- San Gregorio Location of San Gregorio in Argentina
- Coordinates: 34°19′31″S 62°02′19″W﻿ / ﻿34.32528°S 62.03861°W
- Country: Argentina
- Province: Santa Fe
- Department: General López
- Established: March 1, 1893
- Founded by: Josefina Alvear de Rodríguez

Area
- • Total: 519 km^{2} (200 sq mi)
- Elevation: 100 m (330 ft)

Population (2010 census)
- • Total: 5,543
- • Density: 10.7/km^{2} (27.7/sq mi)
- Time zone: UTC−3 (ART)
- CPA base: S2728
- Dialing code: +54 3382

= San Gregorio, Argentina =

San Gregorio is a town located in the General López Department in the province of Santa Fe, Argentina.

==History==
San Gregorio was founded on March 1, 1893 by Josefina de Alvear, who inherited the land, which at the time was an estancia, from her husband's father.

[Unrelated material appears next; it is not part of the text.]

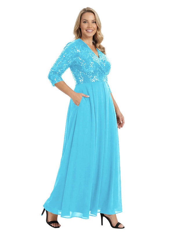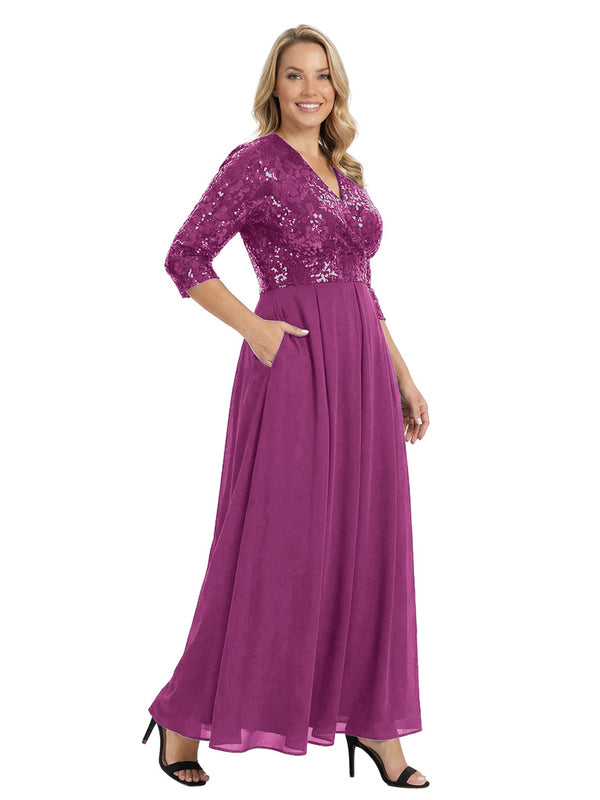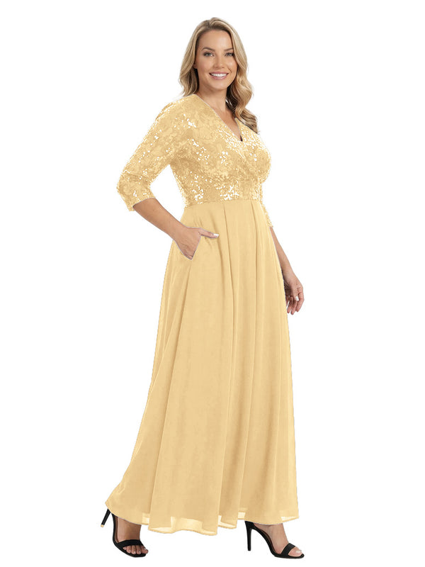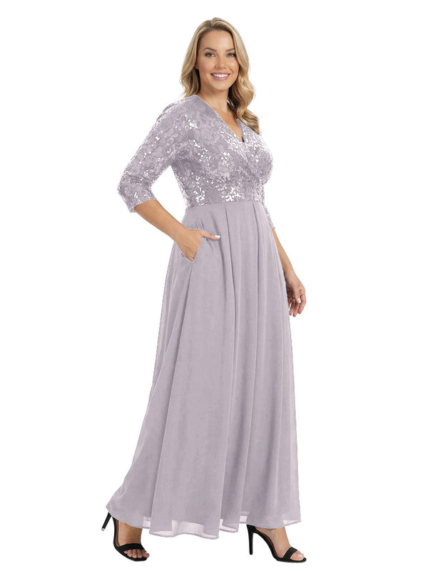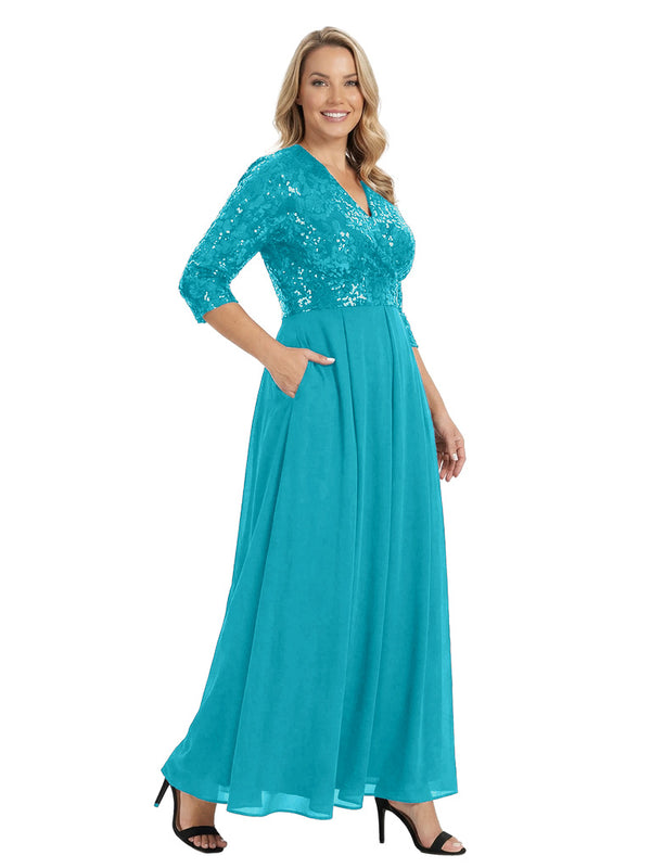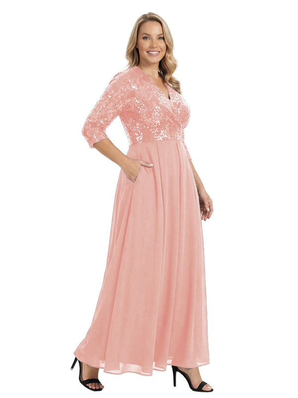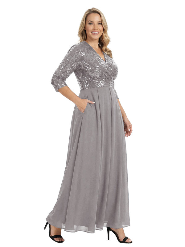 Fancy V-Neck Sequin Chiffon A-Line Floor-Length Mother Of The Groom Gown With Pocket - ChicSew – ChicSew
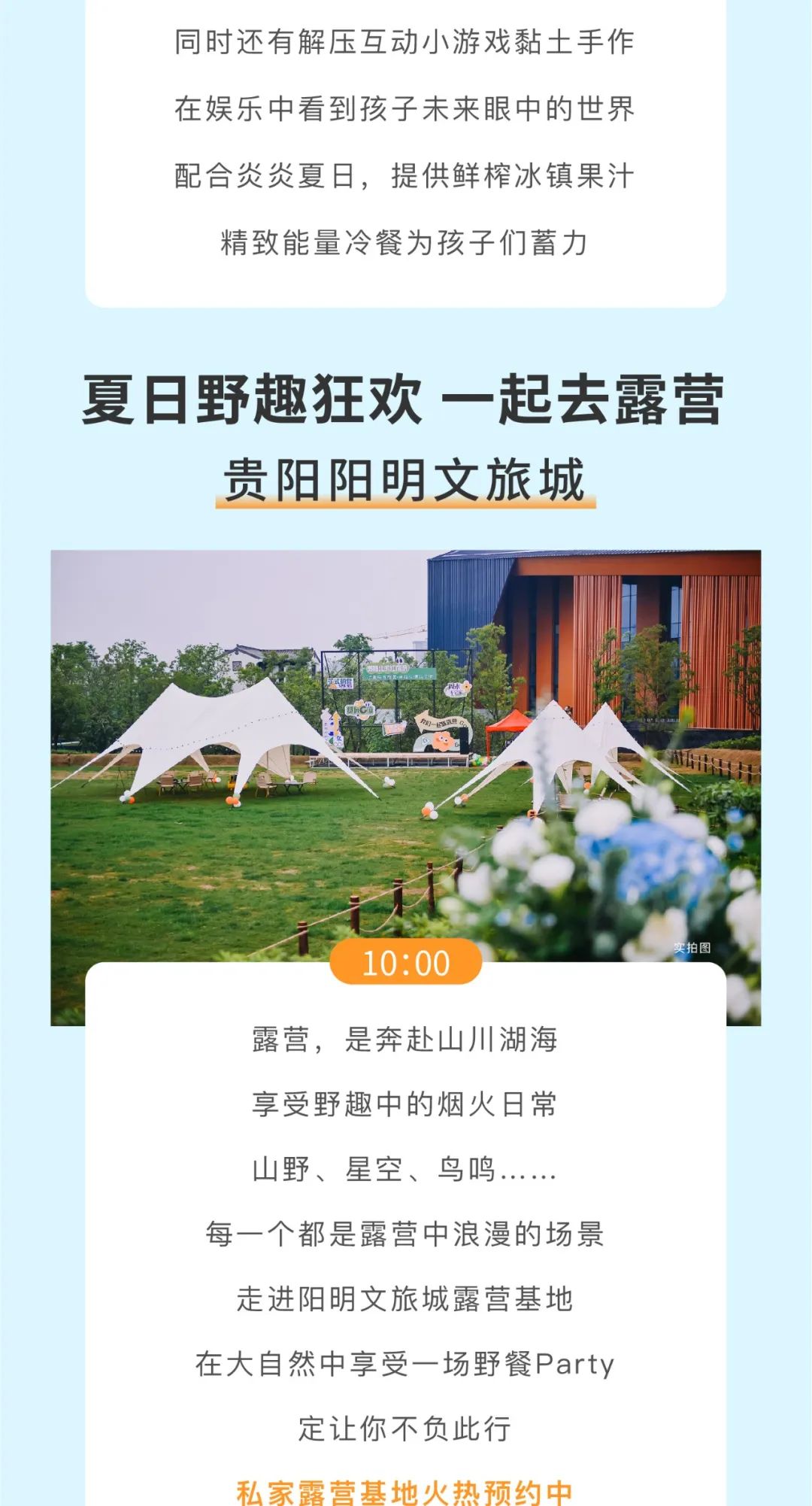10:00,露营,是奔赴山川湖海,享受野趣中的烟火日常,山野、星空、鸟鸣……每一个都是露营中浪漫的场景。走进阳明文旅城露营基地,在大自然中享受一场野餐Party,定让你不负此行,私家露营基地火热预约中。预约电话:13027883755,预约时间:早上10:00后,到访还可以参与抽奖。

The town was named in honor of her deceased husband. San Gregorio was initially laid out with 136 blocks, alongside land reserved for a church. De Alvear died in 1935.

==Economy==
The town sees a significant amount of tourism from fishing, which has, in recent years, come under threat due to droughts.

==Population==
According to INDEC, which collects population data for the country, the town had a population of 5,543 people as of the 2022 census.